Итак, углы осветились, и в одном, позади мышеловки, я отчетливо разглядела малюсенький портрет девочки, почти дозревшей до женства. Не знаю, откуда я взяла этот оборот, «дозреть до женства», лучше сказать, что это был малюсенький портрет молодой девушки. Так вот, я не могла смотреть на это изображение подолгу. Более того, я обнаружила, что мне приходится закрывать глаза всякий раз, когда взгляд натыкался на портрет, и я не ведаю, почему, но, казалось, раны распространялись по моему нутру от больных ног к сознанию, и оно стало более… порывистым и скрытным, что ли. Я заставила себя смотреть на портрет.
Ничего особенного в нем не было, скорее виньетка, нежели картина. Девочку изобразили в полный рост, несколько смазанно, будто она сливалась с фоном, похоже на Kinder- und Hausmärchen,[16] да, можно сказать, что портрет походил на иллюстрацию. Обычная девочка, вроде меня. Взгляд угрюмый, волосы обвисшие, немытые, а по лицу и плечам видно, что она недоедает — тоже вроде меня. (Я не пытаюсь оправдаться перед вами или кем бы то ни было еще, ныне или в будущем, а просто отмечаю сходство.)
Что-то в портрете этой девочки вернуло меня в сознание. Я и не отдавала себе отчета, в какой ступор он меня ввел, прямо в башне, но, глянув в ее угрюмые глаза, я проснулась.

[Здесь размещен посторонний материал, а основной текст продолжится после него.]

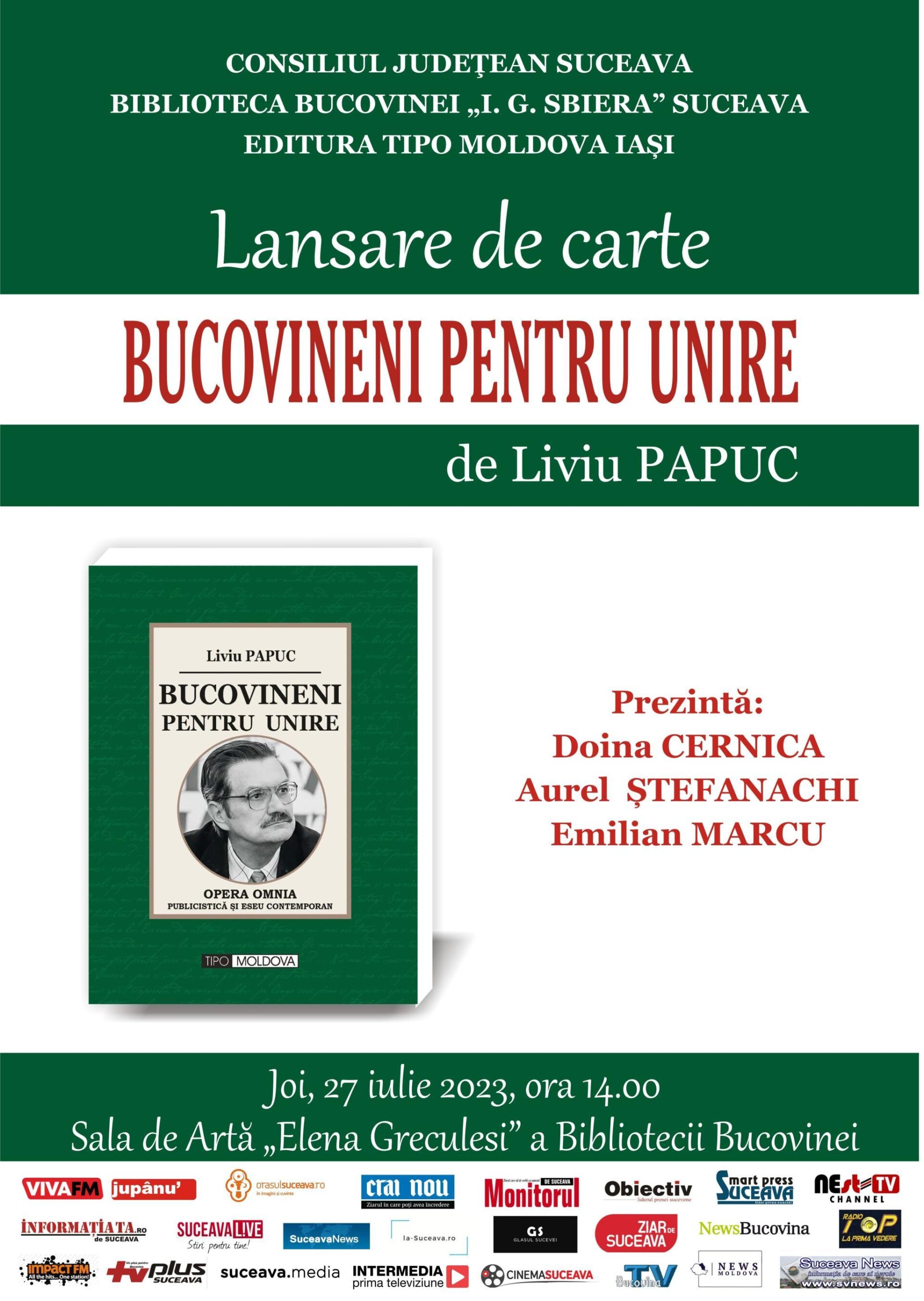 La Biblioteca Bucovinei „I.G. Sbiera”, în Sala de Artă „Elena Greculesi”, va avea loc joi, 27 iulie 2023, de la ora 14:00, lansarea volumului „Bucovineni pentru unire” de Liviu Papuc. Cartea va fi prezentată de Doina Cernica, Aurel Ștefanachi și Emilian Marcu.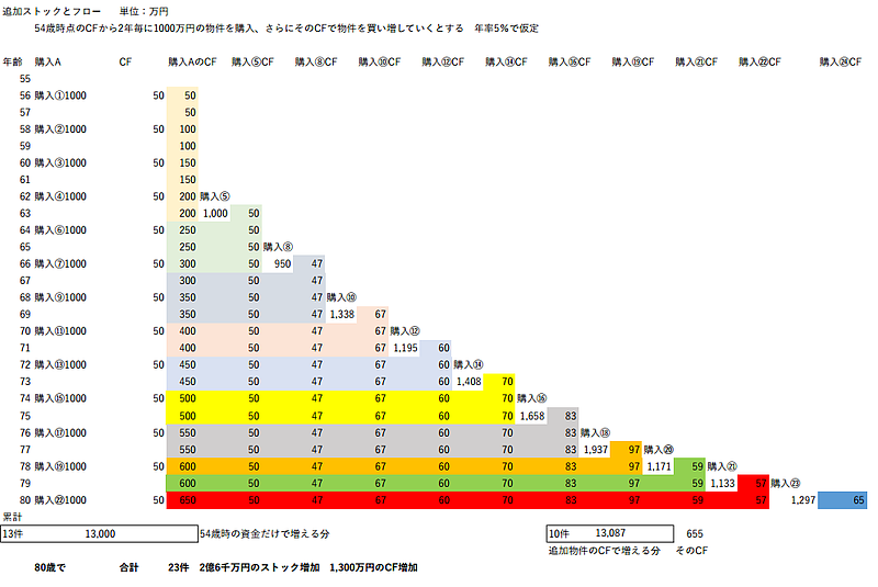 現金で2年毎に1,000万円の不動産を買い続けて、その運用益でもさらに不動産を増やしていくとどうなるか?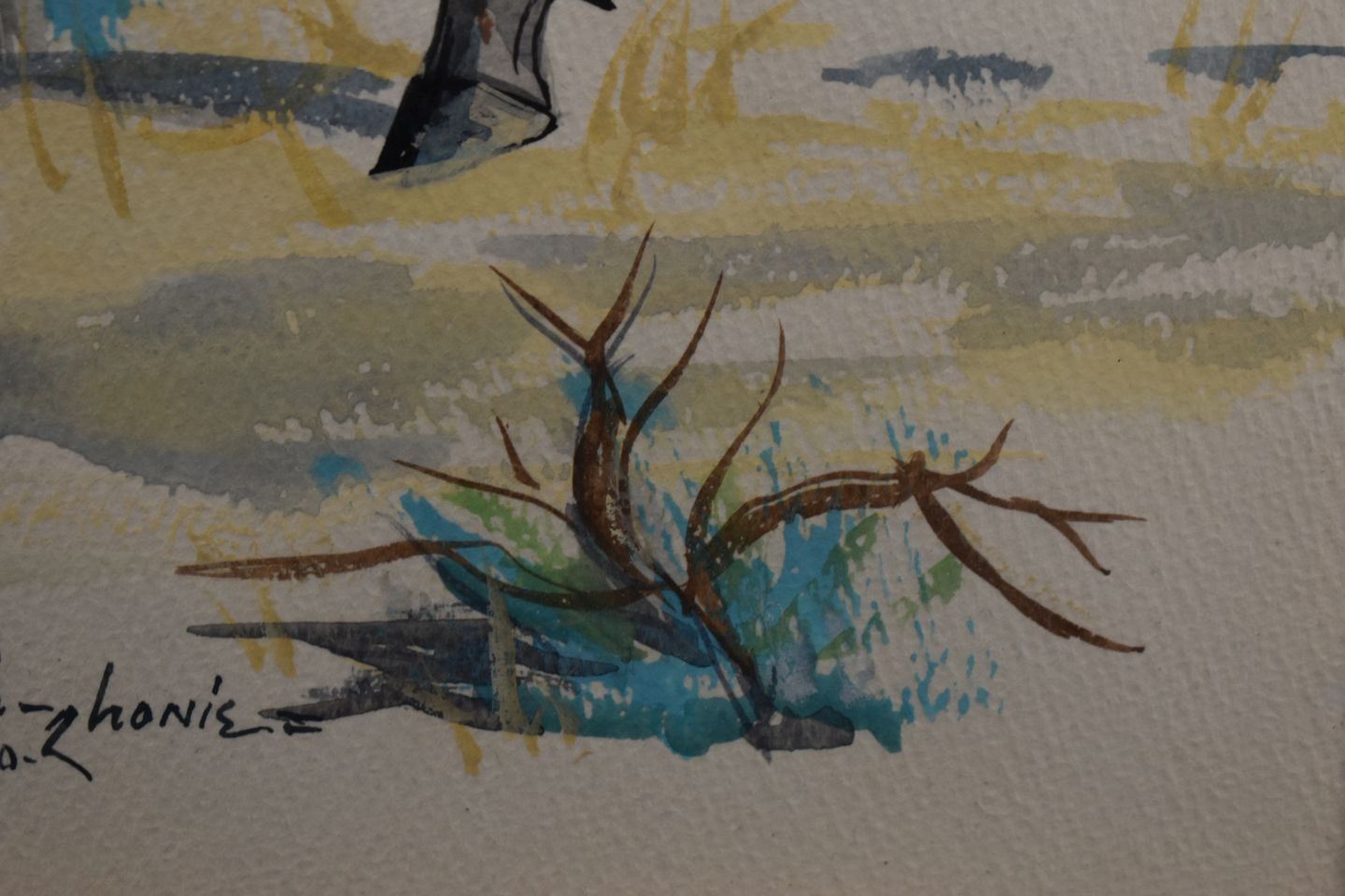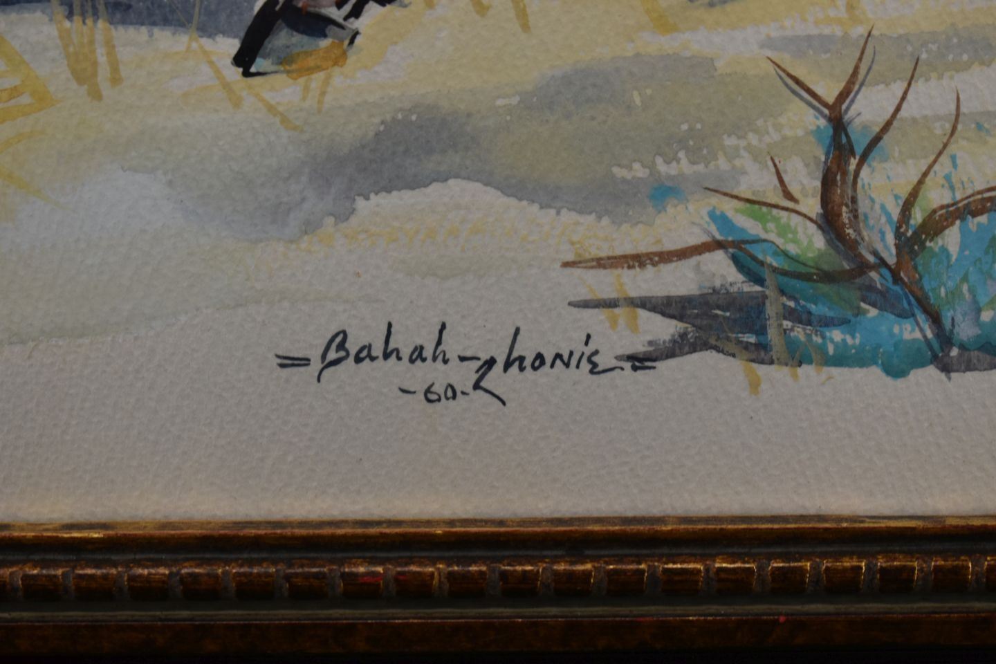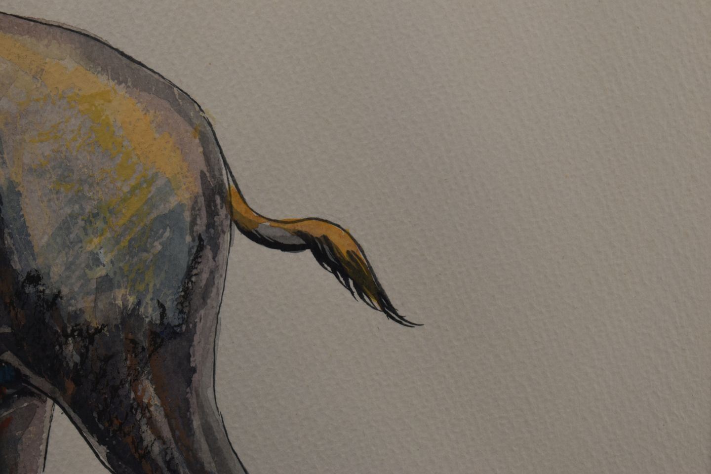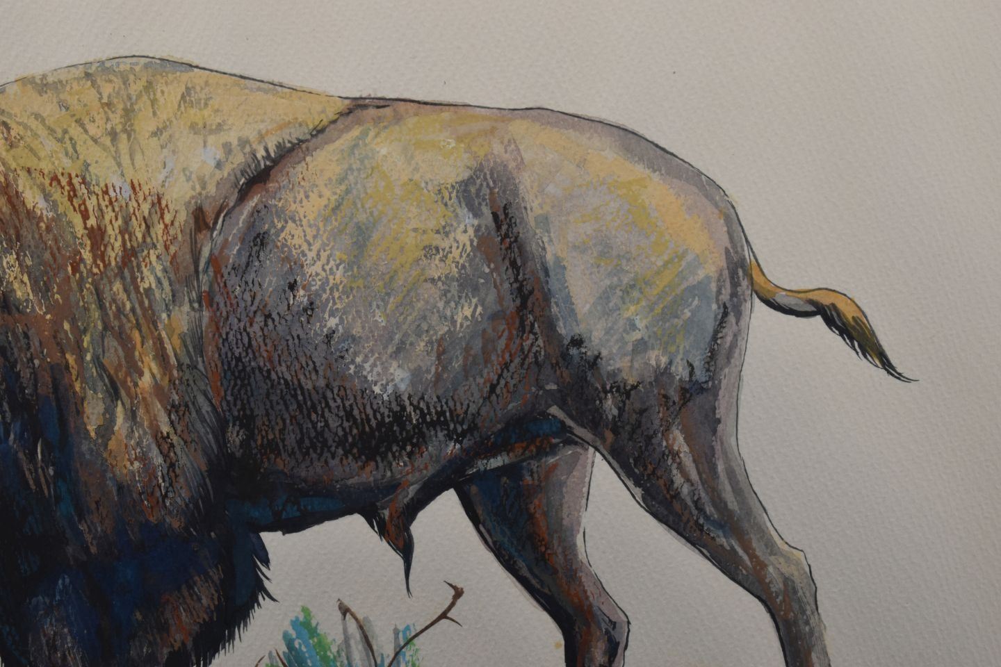 1960 Navajo. Original on paper depicting buffalo signed Bahah-Zhonie. 14'' x 20'' frame size 20'' x 26''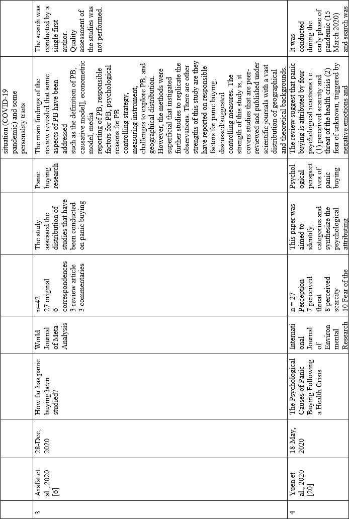 We identified five systematic reviews of panic buying after excluding the duplicates and articles on other variables. The stepwise search details are mentioned in figure 1. The selected review articles were evaluated using the Critical Appraisal Skills Programme Systematic Review Checklist [17]. The quality appraisal findings are presented in table 1. Data were extracted with the help of the Microsoft Excel spreadsheet 2010 version. The extracted variables are presented in table 2.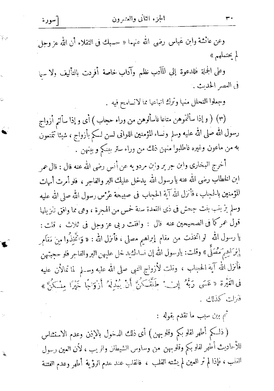 أخرج البخاري وابن جرير وابن مردويه عن أنس رضى الله عنه قال: قال عمر ابن الخطاب رضى الله عنه: يا رسول الله يدخل عليك البرّ والفاجر، فلو أمرت أمهات المؤمنين بالحجاب، فأنزل الله آية الحجاب فى صبيحة عرس رسول الله صلى الله عليه وسلم بزينب بنت جحش فى ذى القعدة سنة خمس من الهجرة، وهى مما وافق تنزيلها قول عمر كما فى الصحيحين عنه قال: وافقت ربى عز وجل فى ثلاث، قلت: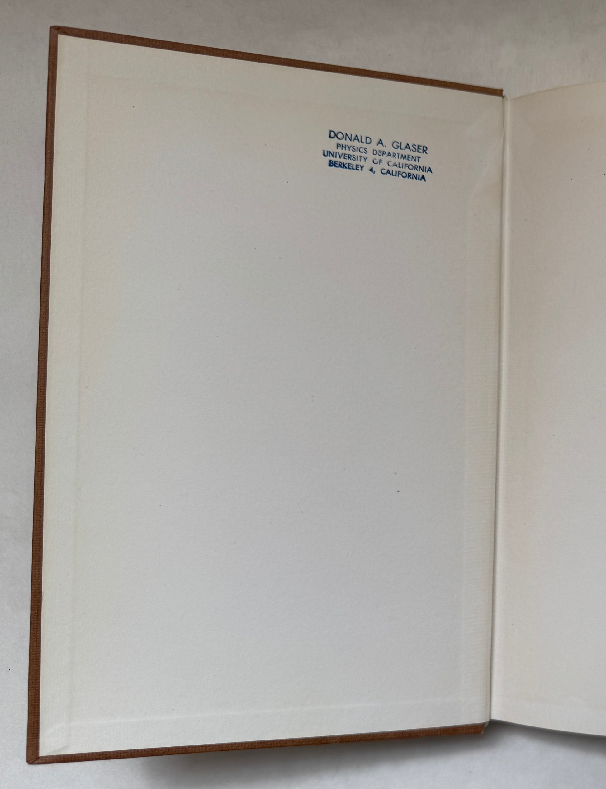 Nobel Laureate Donald Glaser's copy, with his name stamp to front pastedown and also a spine label of his personal research library. For more books from Glaser's library, search using the keycode: GLSR. Glaser won the Nobel Prize for Physics in 1961 for the invention of the Bubble Chamber.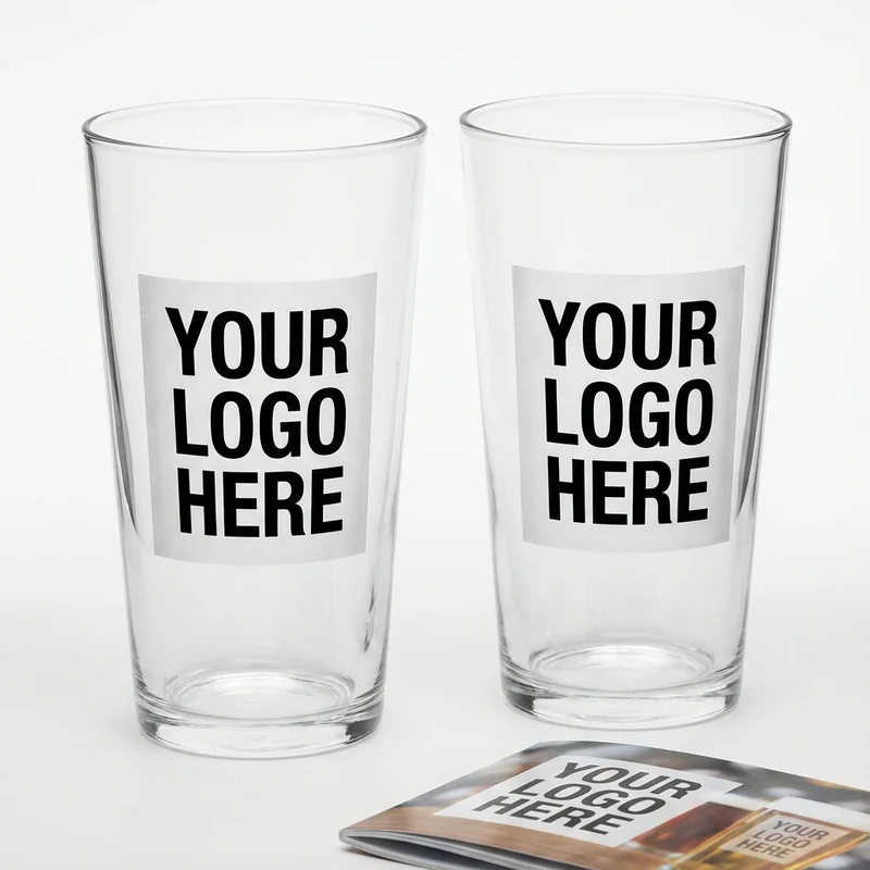Restaurant-grade pint glasses with custom branding. Perfect for breweries, bars, restaurants, and beer festivals. Available in standard pint, tulip, and nonic styles. Screen print or laser etching customization options. Dishwasher safe and commercial-grade durability. Classic 16oz capacity. Thick glass construction withstands heavy commercial use. Bulk pricing ideal for venue merchandising programs.
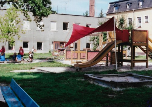 Außer dem Einbau der neuen Heizung und dem Umbau des Gebäudes hatte man den gesamten Spielgarten bzw. die Spielwiese neugestaltet.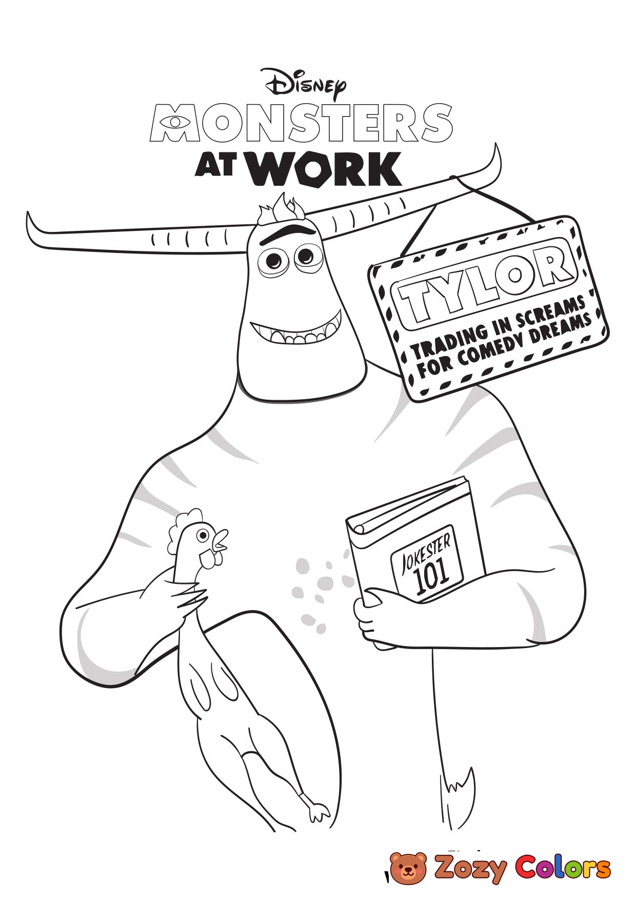 Tylor with a book - Monsters at work. Coloring page to print or download and color for your kids.

Мое пробуждение, думаю, никак не было связано с самой девочкой — скорее со странной манерой исполнения картины, этого крошечного портретика, не больше мыши, но в натуральную величину. И полностью белым по белому, как и вышивки на стенах.
И хотя ощущала себя пробужденной и живой, как никогда прежде, я обнаружила, что меня внезапно одолела печаль. Не знаю, почему, но знаю точно, что, когда мой напарник принес мне мой еженощный черный кофе, я услала его за кувшином черничного вина. И попросила принести чашку в розовый цветочек. Мои нужды вдруг стали настойчивее и изощреннее, и хорошо, что ему удалось найти в кухонном буфете все необходимое для их утоления.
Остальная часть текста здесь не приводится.